A new study of gambling rates among Minnesota youth reflects a continued, gradual decrease in the overall rate of gambling among students in 9th and 12th grades. However, the rate of frequent gamblers, defined as those who gamble daily or weekly, has remained substantially unchanged. The analysis of gambling behavior from Minnesota public school students spans the period from 1992 to 2010, and is one of few such gambling trend analysis studies of its kind.
“The data suggests that youth gambling is not an epidemic as some have feared,” says the University of Minnesota’s Randy Stinchfield, Ph.D., a clinical psychologist and the study’s lead researcher. “Gambling for most youth is an infrequent and inconsequential past time.”
Rates of gambling frequency from 2010 data indicate that the majority of boys (51% of 9th graders and 69% of 12th graders) reported gambling in the past year, whereas a smaller percentage of girls (23% of 9th graders and 42% of 12th graders) reported gambling in the past year. In terms of frequent gambling, a small but significant number of boys (12% of 9th graders and 18% of 12th graders) reported gambling weekly or daily while a smaller number of girls (3% of 9th graders and 4% of 12th graders) reported gambling weekly or daily.
The results beg the question as to why youth gambling has decreased over the years. “While our data doesn’t provide the answer as to why gambling has declined, we can speculate as to the reasons,” says Dr. Stinchfield. One idea is that the novelty of gambling, introduced in Minnesota in 1990, has simply worn off. Another possible explanation is that youth today have so many things competing for their time, including smart phones, texting and various online activities. “It may be that the immediacy of doing something on the phone or internet is better than waiting for a poker game to get started,” hypothesizes Dr. Stinchfield. Future studies may include questions about other activities enjoyed by Minnesota youth to determine the relative role of gambling among other recreational choices.
A second analysis of the student data focused on the rates of gambling among American Indian public school students. This was undertaken because American Indians may be more at risk for problem gambling given that American Indians tend to exhibit higher rates of other addictions than the general population. Furthermore, casinos are located on American Indian reservations, increasing accessibility to gambling.
The study found that compared to their non-American Indian public school counterparts, American Indian students gamble more in general, gamble more frequently, and gamble in casinos more often. While the study did not measure problem gambling specifically, the findings suggest that more American Indian youth are at risk for becoming problem gamblers. Overall gambling participation rates declined in the American Indian youth population from 1992 to 2010 just as they did with the larger population.
In the coming months, Dr. Stinchfield will study the gambling behavior of “out-of-mainstream” youth, such as students attending alternative learning centers and those living in juvenile correction facilities. “The anticipation is that these kids are at risk or involved in risky behaviors, and thus are going to have higher rates of gambling participation,” says Dr.
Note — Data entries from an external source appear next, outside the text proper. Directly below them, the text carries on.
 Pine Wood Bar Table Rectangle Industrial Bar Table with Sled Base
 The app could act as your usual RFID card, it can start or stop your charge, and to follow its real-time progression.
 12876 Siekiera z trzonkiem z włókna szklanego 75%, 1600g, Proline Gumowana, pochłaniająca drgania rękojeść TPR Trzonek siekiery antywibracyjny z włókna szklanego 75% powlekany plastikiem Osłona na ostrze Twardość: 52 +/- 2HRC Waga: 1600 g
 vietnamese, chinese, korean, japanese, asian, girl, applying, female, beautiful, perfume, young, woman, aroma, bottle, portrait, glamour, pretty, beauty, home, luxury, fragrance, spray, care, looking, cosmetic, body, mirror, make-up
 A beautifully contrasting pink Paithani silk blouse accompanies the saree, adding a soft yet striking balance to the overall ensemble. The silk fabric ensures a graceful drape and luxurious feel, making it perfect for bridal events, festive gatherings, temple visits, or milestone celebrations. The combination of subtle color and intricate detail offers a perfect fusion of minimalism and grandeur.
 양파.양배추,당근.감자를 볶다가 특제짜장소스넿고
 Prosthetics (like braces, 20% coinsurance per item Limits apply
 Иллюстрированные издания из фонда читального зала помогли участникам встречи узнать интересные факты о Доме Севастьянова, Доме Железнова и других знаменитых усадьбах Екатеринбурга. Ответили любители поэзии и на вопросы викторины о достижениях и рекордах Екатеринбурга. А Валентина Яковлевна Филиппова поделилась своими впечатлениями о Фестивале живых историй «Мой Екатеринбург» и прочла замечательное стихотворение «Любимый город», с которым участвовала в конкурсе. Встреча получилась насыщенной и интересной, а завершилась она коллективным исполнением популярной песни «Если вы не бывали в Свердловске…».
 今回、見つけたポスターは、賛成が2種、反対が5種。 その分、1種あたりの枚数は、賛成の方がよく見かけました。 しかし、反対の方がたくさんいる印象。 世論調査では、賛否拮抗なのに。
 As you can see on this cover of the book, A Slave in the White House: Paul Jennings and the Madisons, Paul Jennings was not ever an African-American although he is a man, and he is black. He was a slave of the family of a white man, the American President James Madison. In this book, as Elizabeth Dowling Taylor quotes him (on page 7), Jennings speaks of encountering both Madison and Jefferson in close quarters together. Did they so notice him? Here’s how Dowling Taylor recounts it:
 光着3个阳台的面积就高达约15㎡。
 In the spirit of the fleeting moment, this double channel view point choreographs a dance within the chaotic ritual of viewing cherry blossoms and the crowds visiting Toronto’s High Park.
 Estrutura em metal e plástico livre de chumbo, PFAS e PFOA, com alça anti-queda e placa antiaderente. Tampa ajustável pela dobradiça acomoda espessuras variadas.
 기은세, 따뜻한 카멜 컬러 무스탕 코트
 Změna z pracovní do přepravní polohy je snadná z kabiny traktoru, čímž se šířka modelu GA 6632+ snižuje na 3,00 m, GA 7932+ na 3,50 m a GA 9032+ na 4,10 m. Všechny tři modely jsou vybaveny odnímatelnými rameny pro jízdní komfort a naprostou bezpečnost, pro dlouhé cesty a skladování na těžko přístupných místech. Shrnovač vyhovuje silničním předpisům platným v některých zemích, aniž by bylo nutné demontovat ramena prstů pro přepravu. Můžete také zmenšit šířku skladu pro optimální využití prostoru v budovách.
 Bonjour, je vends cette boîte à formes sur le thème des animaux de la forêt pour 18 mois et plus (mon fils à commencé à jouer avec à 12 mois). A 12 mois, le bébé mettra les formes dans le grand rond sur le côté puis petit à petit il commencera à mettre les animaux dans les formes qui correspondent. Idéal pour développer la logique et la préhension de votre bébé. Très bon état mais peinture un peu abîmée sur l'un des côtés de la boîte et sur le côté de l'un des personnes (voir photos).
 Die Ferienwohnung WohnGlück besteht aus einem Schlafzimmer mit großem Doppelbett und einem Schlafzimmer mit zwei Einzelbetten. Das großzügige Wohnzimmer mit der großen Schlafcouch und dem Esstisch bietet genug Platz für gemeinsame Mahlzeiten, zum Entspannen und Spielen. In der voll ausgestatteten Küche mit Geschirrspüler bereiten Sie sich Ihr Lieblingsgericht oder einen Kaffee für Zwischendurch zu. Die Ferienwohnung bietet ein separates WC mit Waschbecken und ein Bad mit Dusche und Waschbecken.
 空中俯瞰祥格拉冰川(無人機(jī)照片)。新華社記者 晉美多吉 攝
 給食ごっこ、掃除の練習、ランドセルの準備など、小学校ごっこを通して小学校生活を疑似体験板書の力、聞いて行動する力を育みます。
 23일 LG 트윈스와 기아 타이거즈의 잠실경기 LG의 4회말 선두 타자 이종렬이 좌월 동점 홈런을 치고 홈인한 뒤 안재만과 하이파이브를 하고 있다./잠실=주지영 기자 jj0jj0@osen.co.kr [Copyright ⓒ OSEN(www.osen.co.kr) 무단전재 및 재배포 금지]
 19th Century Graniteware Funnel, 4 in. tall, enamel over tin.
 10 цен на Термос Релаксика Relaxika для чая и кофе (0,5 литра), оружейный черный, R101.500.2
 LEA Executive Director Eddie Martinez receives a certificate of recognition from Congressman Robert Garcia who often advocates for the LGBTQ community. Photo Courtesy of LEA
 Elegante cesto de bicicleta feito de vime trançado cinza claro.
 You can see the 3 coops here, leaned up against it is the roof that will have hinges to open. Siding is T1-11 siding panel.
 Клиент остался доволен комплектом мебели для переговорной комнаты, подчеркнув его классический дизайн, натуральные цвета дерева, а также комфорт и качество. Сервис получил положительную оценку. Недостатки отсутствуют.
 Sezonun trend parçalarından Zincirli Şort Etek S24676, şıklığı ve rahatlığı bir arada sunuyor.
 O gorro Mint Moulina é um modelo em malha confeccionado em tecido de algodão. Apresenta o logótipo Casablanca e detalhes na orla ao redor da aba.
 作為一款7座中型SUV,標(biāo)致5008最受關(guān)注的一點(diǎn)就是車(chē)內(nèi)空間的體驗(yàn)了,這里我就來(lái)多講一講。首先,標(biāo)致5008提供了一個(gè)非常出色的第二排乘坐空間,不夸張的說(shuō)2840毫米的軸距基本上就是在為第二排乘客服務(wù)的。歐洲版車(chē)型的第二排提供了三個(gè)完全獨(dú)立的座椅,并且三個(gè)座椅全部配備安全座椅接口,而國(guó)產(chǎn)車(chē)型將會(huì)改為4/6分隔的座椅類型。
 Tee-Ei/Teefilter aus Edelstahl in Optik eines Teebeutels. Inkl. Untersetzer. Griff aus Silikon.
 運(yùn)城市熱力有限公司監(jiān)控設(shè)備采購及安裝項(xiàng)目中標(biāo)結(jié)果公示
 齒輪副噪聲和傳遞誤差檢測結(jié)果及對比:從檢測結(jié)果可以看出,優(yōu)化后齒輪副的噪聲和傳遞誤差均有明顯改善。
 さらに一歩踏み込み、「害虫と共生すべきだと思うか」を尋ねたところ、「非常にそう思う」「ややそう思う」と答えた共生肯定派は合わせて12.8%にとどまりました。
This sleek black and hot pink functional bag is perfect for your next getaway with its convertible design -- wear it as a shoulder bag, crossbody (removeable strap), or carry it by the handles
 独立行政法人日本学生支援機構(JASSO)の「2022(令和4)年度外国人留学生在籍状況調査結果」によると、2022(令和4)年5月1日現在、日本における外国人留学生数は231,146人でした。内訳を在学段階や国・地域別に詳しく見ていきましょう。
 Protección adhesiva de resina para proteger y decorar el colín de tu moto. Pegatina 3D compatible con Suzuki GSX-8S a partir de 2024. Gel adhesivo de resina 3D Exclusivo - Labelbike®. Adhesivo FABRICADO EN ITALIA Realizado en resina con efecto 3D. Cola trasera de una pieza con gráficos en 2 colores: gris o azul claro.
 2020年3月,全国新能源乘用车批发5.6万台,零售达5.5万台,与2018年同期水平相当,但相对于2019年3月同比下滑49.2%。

Stinchfield.
Future research may examine the risk and protective factors for youth. “We do prevention programs before we necessarily know the protective factors,” says Dr. Stinchfield. “One way to identify those at risk is to look for other behaviors – such as alcohol and drug use, number of sex partners, bully behavior, etc. – that may correlate with frequent gambling.” Such a finding might suggest that gambling prevention programs be part of a more generic high-risk behavior program.
The data for the study was obtained from a student survey administered by the Minnesota Departments of Education, Health, Public Safety and Human Services. The Northstar Alliance for Problem Gambling provides financial support for the study.